Promissory Note, dated February 2, 2018, by and among Stein Mart, Inc. as borrower and Sun Trust Bank, as Trustee

EX-10.39 4 d474980dex1039.htm EX-10.39 EX-10.39

Exhibit 10.39

 

Date: February 1, 2018    $13,738,318.06

Promissory Note

On this date of Friday, February 1, 2018, in return for valuable consideration received, STEIN MART, INC., (“Borrower”) promises to pay to SunTrust in its capacity as the trustee under trust agreement (“Trust Agreement”) dated September 1, 1999 by and between Suntrust, Central Florida, N.A. or its successor in interest, the “Lender”, the sum of THIRTEEN MILLION SEVEN HUNDRED THIRTY EIGHT THOUSAND THREE HUNDRED EIGHTEEN DOLLARS AND SIX CENTS ($13,738,318.06), together with interest thereon at the rate of 3.58% per annum. Interest shall accrue daily on the average loan balance for the number of days the loan is outstanding prior to the date of repayment.

 

  1.

Authority.  This promissory note evidences a loan to Borrower from Lender made pursuant to Section 8(f) of the Trust Agreement. Trustee has obtained loans from the insurance policies held in the Trust (“Policies”) in an amount not less than the principal amount of this promissory note and is lending the proceeds to Borrower.

 

  2.

Terms of Repayment:  All payments shall be first applied to interest and the balance to principal.

 

  3.

Repayment:  The entire unpaid principal and accrued interest thereon shall become due and payable on or before April 1, 2018.

 

  4.

Form of Payment - all payments due under this note shall be made by wire transfer to the Trust account. Payment may consist of an offset against amounts Borrower is otherwise entitled to withdraw from the Trust under the terms of the Trust Agreement.

 

  5.

Prepayment - This Note may be prepaid in whole or in part at any time without premium or penalty. All prepayments shall first be applied to interest, and then to principal payments in the order of their maturity.

 

  6.

Application of Payment.  All payments received by the Trustee hereunder other than offsets described above shall be applied to the Policy loans.

 

  7.

Default - In the event of nonpayment, if the parties do not agree on a new payment date within thirty (30) days after the payment due date, Lender may take all action it deems necessary to collect the outstanding balance and the cost of collection shall be paid by the Borrower.

 

  8.

Acceleration of Debt - In the event that the Borrower seeks relief under the Bankruptcy Code, or suffers an involuntary petition in bankruptcy or receivership not vacated within thirty (30) days, the entire balance of this Note and any interest


 

accrued thereon shall be immediately due and payable to the holder of this Note.

 

  9.

Modification - No modification or waiver of any of the terms of this Agreement hall be allowed unless by written agreement signed by both parties.

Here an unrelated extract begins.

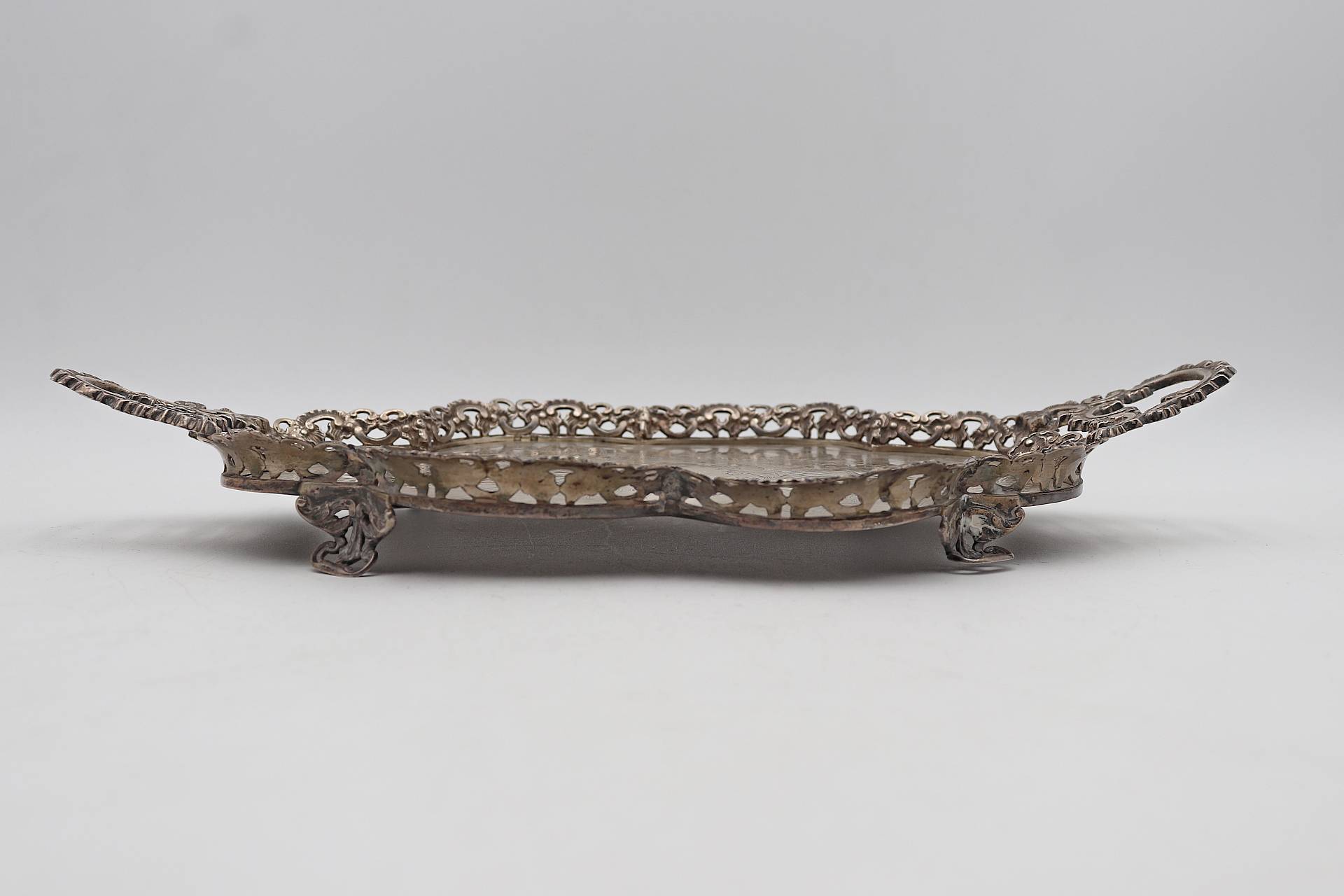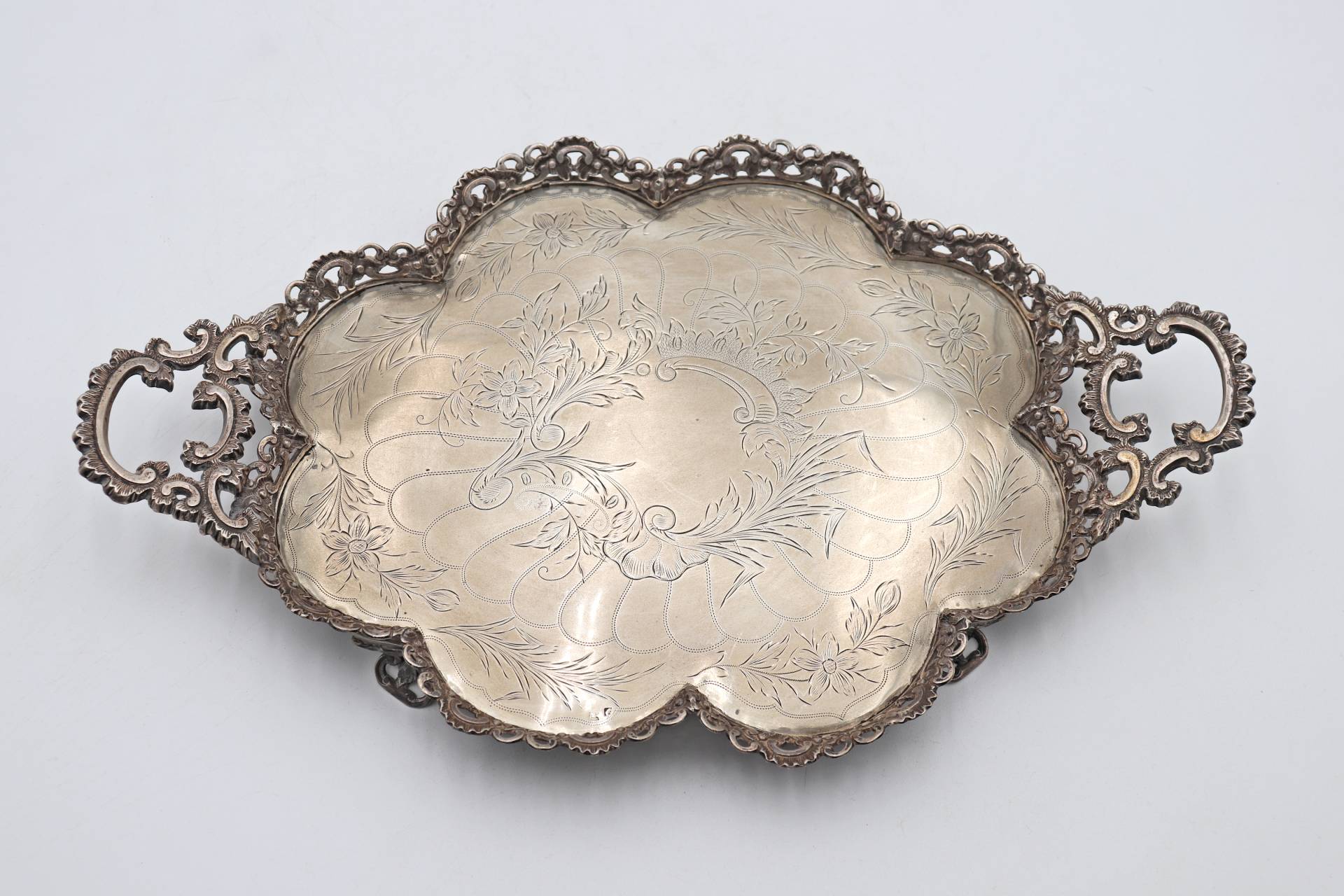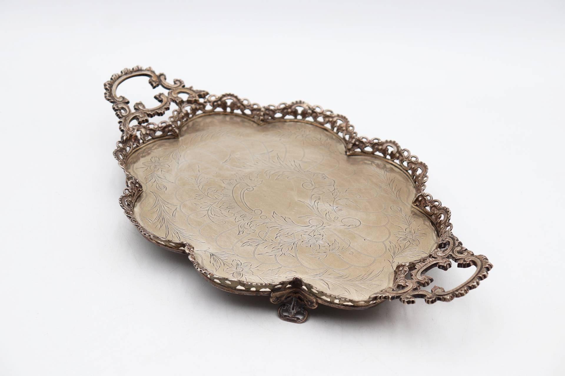 • Descrição: Bandeja de prata lobolada com gradinha, motivos florais gravados, asas recortadas e assente em quatro pés vazados.

No waiver of any breach or default hereunder shall be deemed a waiver of any subsequent breach or default of the same or similar nature.

 

  10.

Transfer of the Note - The borrowers hereby waive any notice of the transfer of this Note by the Lender or by any subsequent holder of this Note, agree to remain bound by the terms of this Note subsequent to any transfer, and agree that the terms of this Note may be fully enforced by any subsequent holder of this Note.

 

  11.

Severability of Provisions - In the event that any portion of this Note is deemed unenforceable, all other provisions of this Note shall remain in full force and effect.

 

  12.

Choice of Law - All terms and condition of this Note shall be interpreted under the laws of the State of Florida.

Signed Under Penalty of Perjury, this 1st day of February, 2018.

 

STEIN MART, INC. (“BORROWER”)
/s/ D. Hunt Hawkins
D. Hunt Hawkins

Signed in the presence of:

/s/ Gregory W. Kleffner
Witness

 

Gregory W. Kleffner
Printed Name

Note- the lender may not be a witness. If more than one witness is used, each should sign separately.